The rate of VAT will be reduced from 21% to 13.5% on district heating, for example, where heating is supplied from a central source to a number of business premises within a building. This brings this form of heating in line with other energy suppliers. This is effective from 1st March 2012.
Pet farms and open farms will be liable to charge VAT at 9% on admission fees from 1 January 2012.
Extension of the VAT refund order for flat rate farmers to cover Wind Turbines
With effect from 1st January 2012 the refund order for flat rate farmers will be extended to cover
micro/generation wind turbines. This will apply to wind turbines supplied and installed after that date.
DIRT (Deposit Interest Retention Tax) and exit taxes on life assurance polices and investment funds.
The rate of retention tax that applies to deposit interest, together with the rates of exit tax that apply to life assurance policies and investment funds are being increased by 3% in each case and will now be 30% for payments made annually or more frequently and 33% for payments made less frequently than annually. The increase rates will apply to payments including deemed payments made on or after 1st January 2012.
Excise duties
Motor tax rates
Motor tax rates for all categories will increase. (1 January 2012)
Motor tax for cars in band A will go up from €104 to €160, and band B goes up from €156 to €225. Band C will go up from €302 to €330, Band D - €447 to €481, Band E - €630 to €677, Band F - €1,050 to €1,129, Band G - €2,100 to €2,258.

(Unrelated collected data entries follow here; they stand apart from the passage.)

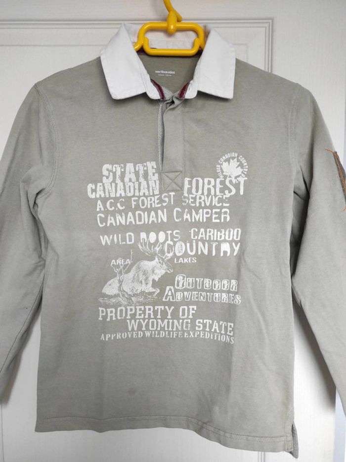 Polo. Imprimé . Kaki clair manches longues
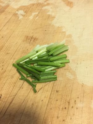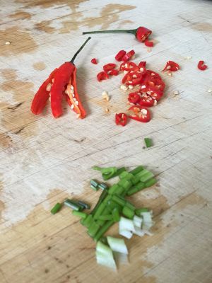 小米椒切圈,香菜梗切段,然后洒在排骨上用于点缀。
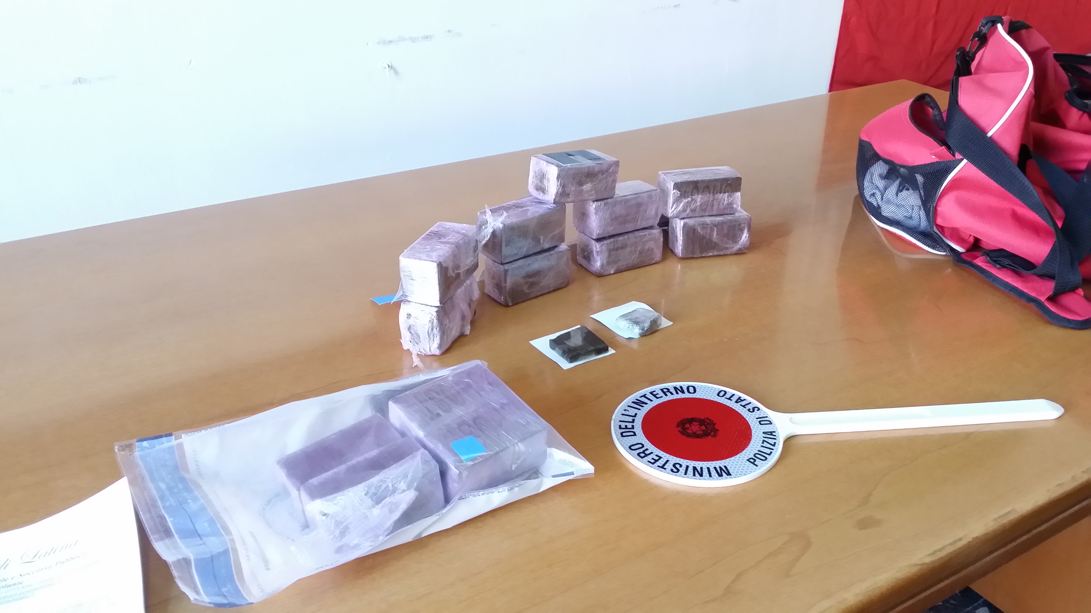 Una brillante operazione della Squadra Volante di Latina ha consentito oggi il sequestro di tre chili e 600 grammi di hashish: tre gli arresti. A finire in carcere due uomini marocchini e una donna albanese, regolarmente presenti in Italia, incensurati, domiciliati a Latina e tutti e tre con un lavoro regolare. Tre perfetti insospettabili, un muratore dipendente di una ditta edile del posto, un pizzaiolo e una cameriera di un ristorante di Latina, incappati nel servizio di controllo straordinario disposto dalla Questura nella zona delle autolinee. I dettagli dell’operazione sono stati forniti nel corso di una conferenza stampa, alla presenza del dirigente della Squadra Volante, il vice questore aggiunto Manuela Iaione, e del personale del terzo nucleo e della polizia giudiziaria della squadra.

Motor tax rates based on engine size will also increase. For example, engines with 1,001 to 1,100cc will go from €259 to €278; 1,601 to 1,700cc engines will go from €471 to €506; 2,001 to 2,100cc engines will go from €784 to €843.
Motor tax on electric vehicles will increase from €146 to €157.
Vehicle Registration Tax
The current CO2 bands will be reviewed with a view to adjusting the bands by 1 January 2013.
Tobacco Products Tax
Excise Duty on a packet of 20 cigarettes is being increased by 25 cents (including VAT) with a pro-rata increase on other tobacco products. (From midnight on 6 December 2011)
Alcohol
Legislation will be published in 2012 to deal with alcohol abuse issues (including low-cost alcohol sold in off-licenses and supermarkets).
Carbon tax
The carbon tax will be increased by €5 to €20 per tonne on fossil fuels.

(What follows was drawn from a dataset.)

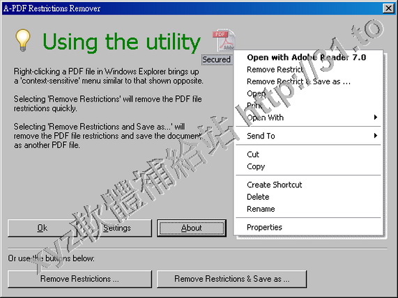 A-PDF Restrictions Remover v1.6.9 英文正式版(PDF文檔的密碼破解軟體)

The increase will apply to petrol and auto-diesel from midnight, 6 December 2011.
The increase will apply from 1 May 2012 to Kerosene, Marked Gas Oil, Liquid Petroleum Gas (LPG), Fuel Oil and Natural Gas. (This is to take account of the effect the increase would have on home heating costs over the winter months.)

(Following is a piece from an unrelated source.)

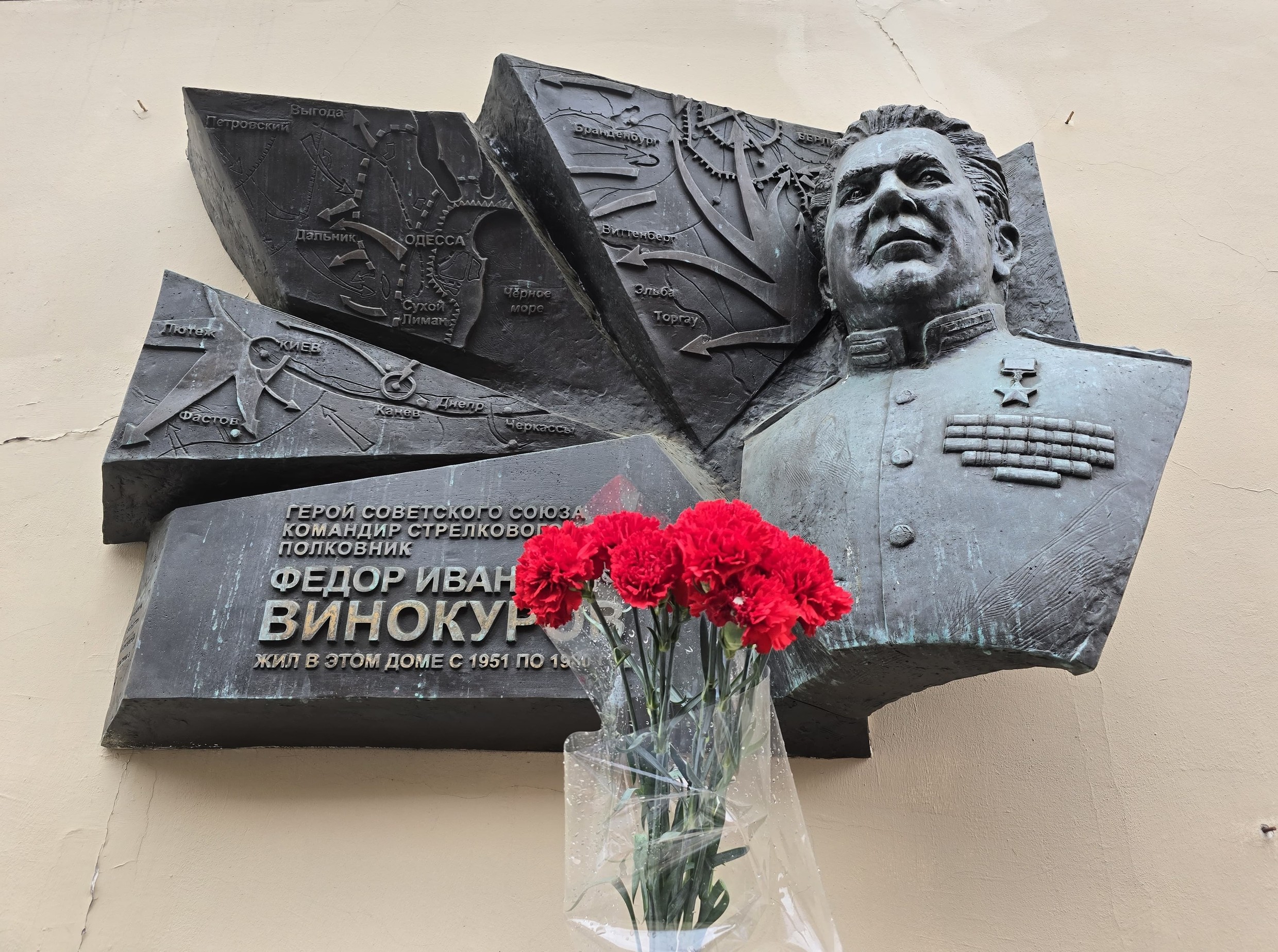 Герой Советского Союза, полковник Ф. Винокуров родился 21 июня 1909 года в селе Лутовиново ныне Белгородской области. Окончил Горьковское военно-политическое училище. С начала Великой Отечественной войны в действующей армии. Был военным комиссаром дивизии, заместителем командира стрелковой бригады, командиром стрелкового полка. Воевал на Крымском, Северо-Кавказском, Воронежском, Белорусском, 1-м Белорусском, 3-м и 1-м Прибалтийских фронтах. Участник встречи на Эльбе с союзными войсками в апреле 1945 года. Будучи командиром 117-го стрелкового полка 23-й стрелковой дивизии подполковник Винокуров отличился в Висло-Одерской операции. Умело руководил боем полка при прорыве глубокоэшелонированной обороны противника на Магнушевском плацдарме, личным примером вдохновляя бойцов. В ночь на 3 февраля 1945 года полк овладел укреплённым пунктом в польском городе Шлоппе. Указом Президиума Верховного Совета СССР от 27 февраля 1945 года за образцовое выполнение боевых заданий командования на фронте борьбы с немецко-фашистскими захватчиками и проявленные при этом мужество и героизм подполковник Винокуров удостоен звания Героя Советского Союза с вручением ордена Ленина.

The Carbon Tax will not apply to solid fuels, so there will be no increases for peat or coal.
Betting duty
It is proposed to extend betting duty of 1% to remote betting and to introduce a betting intermediaries’ duty (Gross Profits Tax of 15%) to cover betting exchanges. This provision is being legislated for in the Betting (Amendment) Bill. Following publication of the Bill there is a legal requirement to notify the EU Commission 3 months before enactment of the Bill. It is intended that the new taxation regime will commence from the second quarter of 2012.
Property taxes
Household charge
A household charge of €100 is being introduced in 2012. This charge will fund local services, in line with the requirement in the EU/IMF Programme of Financial Support for Ireland. The charge is an interim measure pending design and implementation of a full property tax in 2014.
Owners, not occupiers, are liable. The charge does not apply to social housing or housing provided by a charity. There will be a waiver for those on Mortgage Interest Supplement and for those residing in certain categories of unfinished housing estates. Provision will also be made to allow payment of the charge in installments.
Mortgage interest relief (MIR)
Mortgage interest relief will no longer be available to house purchasers who purchase after the end of 2012 and will be fully abolished from 2018, as previously announced.
First time buyers in 2012 will get mortgage interest relief at 25%. Non-first time buyers in 2012 will get mortgage interest relief at 15%.
The rate of mortgage interest relief will be increased to 30% for first time buyers who took out their first mortgage between 2004 and 2008.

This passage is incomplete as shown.